Zoom FP02M Expression Pedal

An expression pedal with an all-metal construction usually costs a bit more, but with this new model from Zoom you get a fully metal casing that you can count on to stand up to even heavy use, at a comparable price to the other options on this list. The sleek design and solid build of this pedal are its key selling points.

The base has rubber feet so it doesn’t slide around on hard floors, and the pedal itself has a rubber coating, as well, so your foot doesn’t slide off while you’re pressing it. The combination of durability and stability means you can really rock out without a worry and know the pedal can take it. It’s designed for use with other Zoom equipment but it will work just as well with any equipment that has a ¼” MIDI out. The motion of the assembly is smooth for seamless manipulation of your tone, no matter what effect you’ve linked it up to.

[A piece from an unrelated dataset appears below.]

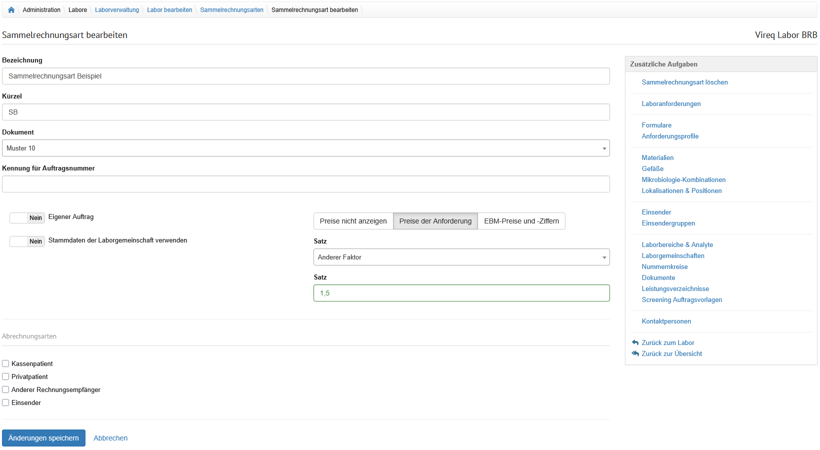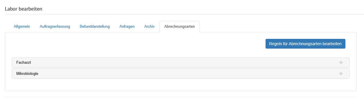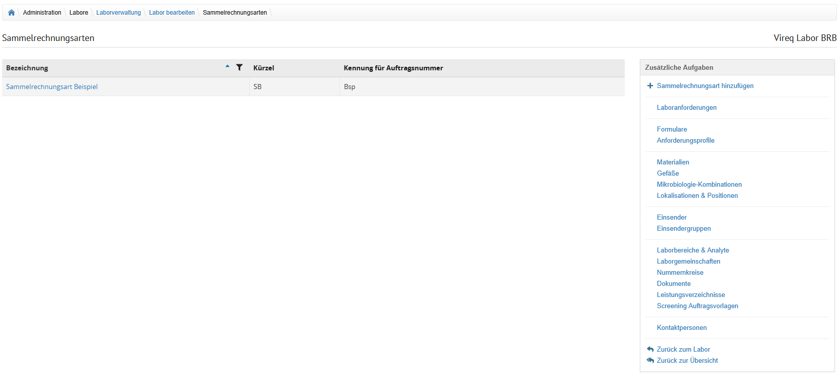 Auf der Seite "Sammelrechnungsarten" werden in einer Tabelle die für das Labor angelegten Sammelrechnungsarten angezeigt.

Roland EV-5 Expression Pedal

If you need something that’s both durable and portable, check out the EV-5 from Roland. It’s the little brother of their EV-7 organ pedal, sized to fit easily under a synthesizer or on a pedal rack. The construction is incredible light-weight, another benefit of the unit’s compact size, which is great for people who have a lot of gear already.

It tends to be an excellent option for effects (see full specs), though it is less highly regarded as a volume controller. This is because of the pedal’s range and action. It’s a smooth pedal, allowing for subtle changes and very musical use of effects, but doesn’t have a huge total range like you usually want in a volume control. But there is also a small knob on the side of the unit that lets you customize the overall range of your effect, giving you more fine-tuning options than most pedals in the price range.

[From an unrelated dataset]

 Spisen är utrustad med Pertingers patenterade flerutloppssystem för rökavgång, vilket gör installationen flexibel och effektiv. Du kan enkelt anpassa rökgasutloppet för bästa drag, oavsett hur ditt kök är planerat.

The Best Cheap Expression Pedal Construction

The big divide between categories of expression pedal tends to be whether they utilize plastic or metal construction in the body. Metal is more durable, both in terms of standing up to more force and in the long-term sense of avoiding long-term wear and tear. Plastic, on the other hand, is lighter in weight and less expensive to produce, which brings down your price as a consumer. The Zoom FP02M (see full specs) is a rarity among quality expression pedals in that it gives you an all-metal construction for the same price as many plastic models.

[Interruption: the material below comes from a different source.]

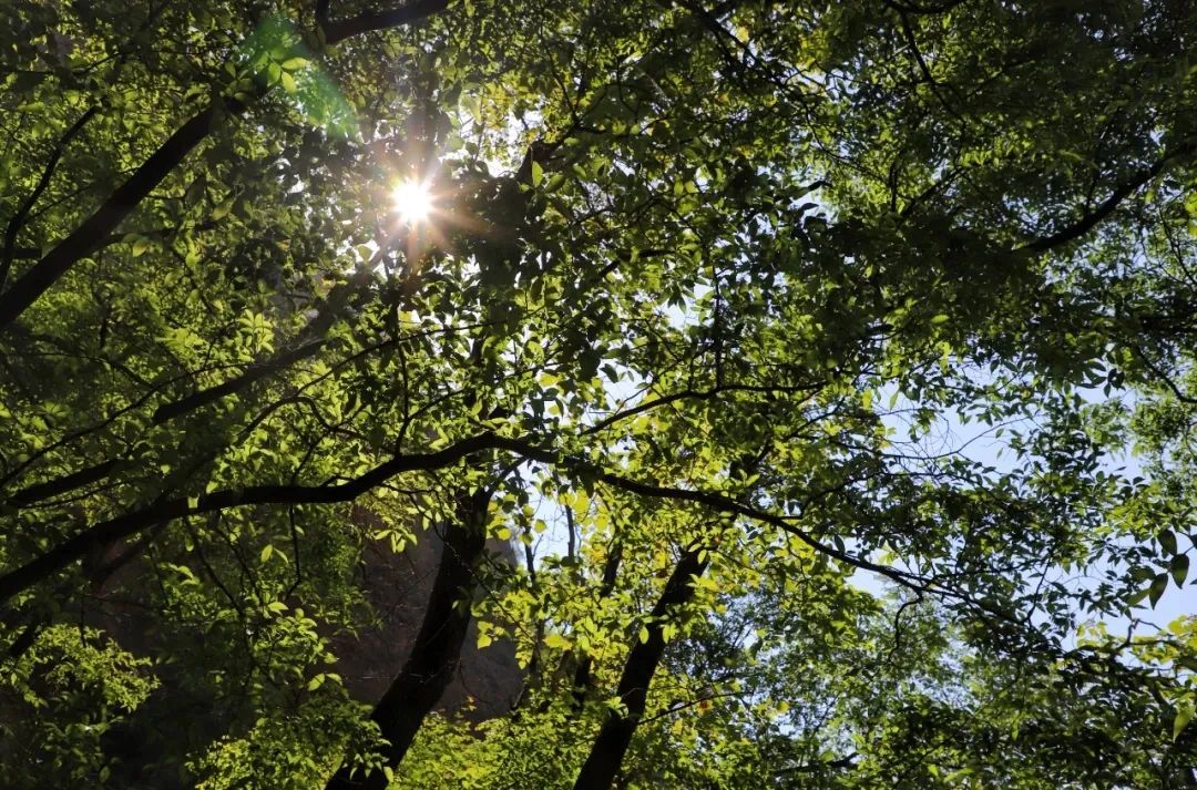 沿山路徐行,闯入眼帘的漫坡白皮松,它们扎根于崖壁缝隙,枝干遒劲如盘龙,松针细密如绿绒,将阳光滤成斑驳的光点,洒在石阶上。山风穿林而过,松涛阵阵,带着草木的清香扑面而来,瞬间吹散周身的热意,只留沁心的凉爽。

While it is true that metal is more durable than plastic, this doesn’t mean that plastic pedals won’t work for professionals. It really depends on what you context you’ll be using the pedal in. As a very general statement, synthesizer players tend to be less demanding on their expression pedals than guitar players, for example.

You might think this is a difference of playing attitude, but in truth it has more to do with their playing position. Players who sit while they’re using their pedal will generally put less weight on it than players who stand. If you’re a guitarist who wants to use an expression pedal to add a stompbox aspect to an effect, a metal pedal may be necessary. Players like DJs and keyboardists are more likely to be able to use a plastic pedal without noticing a difference.

When you’re choosing the best cheap expression pedal, the sound is important, but the feel matters just as much. Listening to examples on the internet will give you a better idea of what to expect than simply reading the features, but you may find it helpful to visit a nearby music shop and see if they carry any of the models or brands above. Giving the pedal a few introductory presses will help you to figure out if it feels like the right choice for you. Good luck!